Conventional gradient methods have already been applied to reservoir engineering for matching the history of former field performances. The key point of these methods is to select the best areal reservoir zoning for reduction of the amount of reservoir parameters to be identified. In this paper we propose a zoning based on reservoir lithofacies, thus making a more natural than geographical choice.
The gradients of the bottom hole well pressure with respect to the reservoir characteristics to be identified are required by all history matching processes. These gradients are calculated using either a perturbation method or a so-called analytical method. Without any reservoir zoning both methods require as many problem solving jobs as grid blocks.
In this article we propose computing gradients relating to lithofacies starting with a geological model in lithofacies that is generally from a seismic interpretation and pixel or object-based geostatistical simulation we try to quantify the effect of a lithofacies on well pressure response or production history. The influence of a lithofacies is measured through its petrophysical parameters. This method drastically reduces the number of parameters to be identified and allows the use of the natural partition of the reservoir into geological bodies.
The gradient calculation relating to lithofacies has been successfully implemented in an implicit single-phase fluid flow model. This model can be used for well-tests simulations.
By introducing gradients to minimize an objective function that measures the difference between observed and simulated well pressure responses, we can effectively achieve the inversion of petrophysical lithofacies parameters.
Several examples of inversion are given at the end of the article to illustrate the effectiveness of this gradient method.
The characterization of a reservoir is a delicate problem for geophysicists, geologists and reservoir engineers. Interpreting production results, interference tests and well-tests plays a very important role in attempting to specify the description of the geologic model and to reduce the attenuating uncertainties.
Some of these interpretation techniques are based on inversion procedures in which, by using a meshed geologic model, an attempt is made to calibrate numerical simulations of field measurements by varying the parameters of this model. The variable parameters are both geometric (position and size of geologic bodies) and petrophysical (value of porosity, absolute permeabilities, and points of relative-permeability curves, etc.).
One way of varying the petrophysical characteristics automatically is to use a method of gradients with respect to these parameters.
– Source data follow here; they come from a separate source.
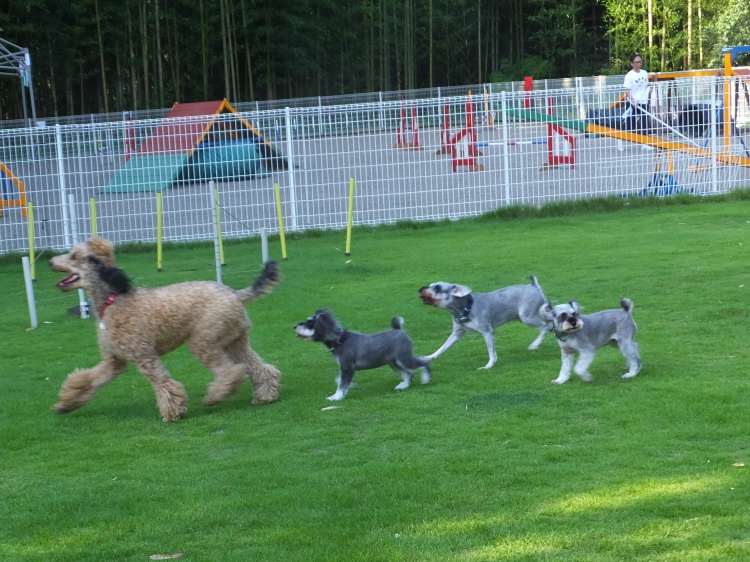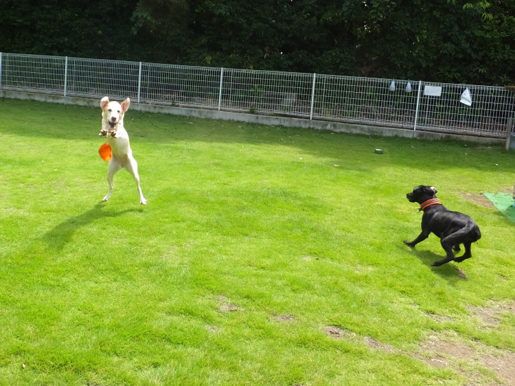 アジリティーの練習の後、芝のフィールドで遊びました^^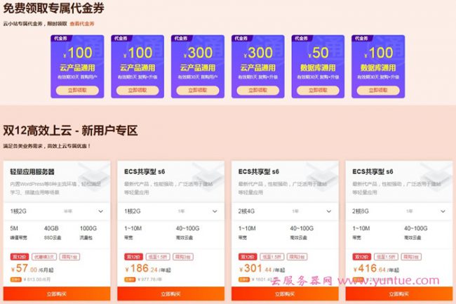 云服务器(www.yuntue.com)是一家专门做阿里云服务器代金券、腾讯云服务器优惠券的网站,这里你可以找到阿里云服务器腾讯云服务器等国内主流云服务器优惠价格,以及海外云服务器、vps主机等优惠信息,我们会为你提供性价比最高的云服务器和域名、数据库、CDN、免费邮箱等企业常用互联网资源。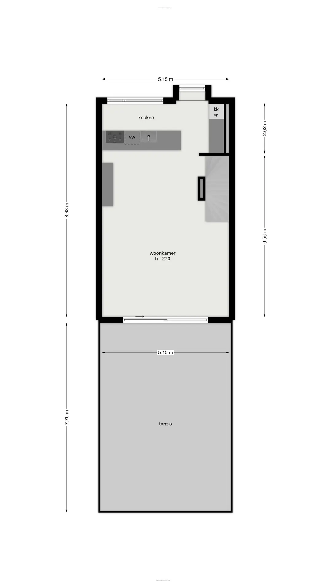 De riante woonkamer is bijzonder licht dankzij de grote raampartijen en schuifpui naar het zonnige terras. Het terras is afgewerkt met kunstgras en omgeven door een strakke schutting, wat zorgt voor veel privacy. Bovendien beschikt het terras over een achteruitgang.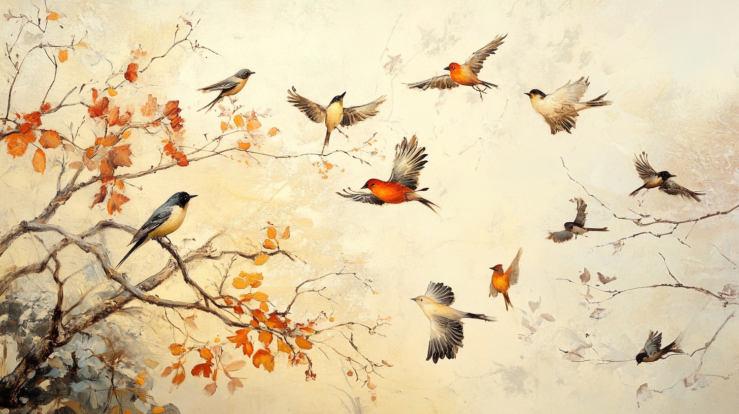 花鸟装饰画 枝头小鸟栖居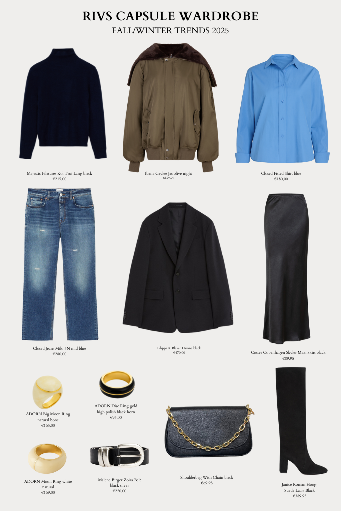 De kracht van een capsule wardrobe zit in de veelzijdigheid: met slechts enkele goed geselecteerde items, zoals de blauwe, groene en zwarte stukken uit onze FW25-collectie, stel je moeiteloos stijlvolle herfstlooks samen. Van modern minimalistisch tot stoer en verfijnd — deze diepe, koele tinten vormen een krachtige en serene basis voor elke gelegenheid. Zo kies je bewust voor rust, kwaliteit én uitstraling. Precies waar we bij RIVS voor staan.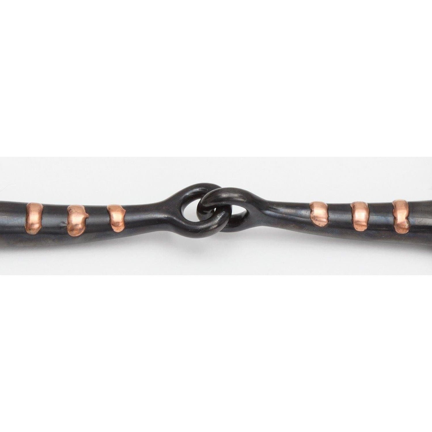 Das Sweet Iron-Mundstück dieses Gebisses erzeugt einen angenehmen Geschmack und regt das Pferd zum Erweichen und Speicheln an. Die erhöhten Kupferrippen können dazu beitragen, dass das Pferd nicht zu viel Halt braucht.

In a meshed model used by a flow simulator in porous media, the number of parameters is often a multiple of the number of meshes. To reduce the number of these parameters, the reservoir is broken down into influence zones in which they vary uniformly.
This article describes an new gradient method using the description of the reservoir model in lithofacies. This method is particularly well-suited for an approach that is used more and more often. It consists first of all in building a geologic model in terms of lithofacies before quantifying it in petrophysical data.
This approach does away with breaking down the reservoir into zones of the meshed model, by using a natural zoning in geologic bodies and by directly measuring the influence of a lithofacies, through its petrophysical characteristics, on the pressure response of a well-test or on production curves.
A complete description of the gradient method in relation to the lithofacies was presented at ECMOR. We will present here a brief description of this method and more particularly extensions that have been developed for gaussian and log-normal petrophysical distributions associated with the lithofacies. Next application cases are presented to illustrate the efficiency of the algorithm.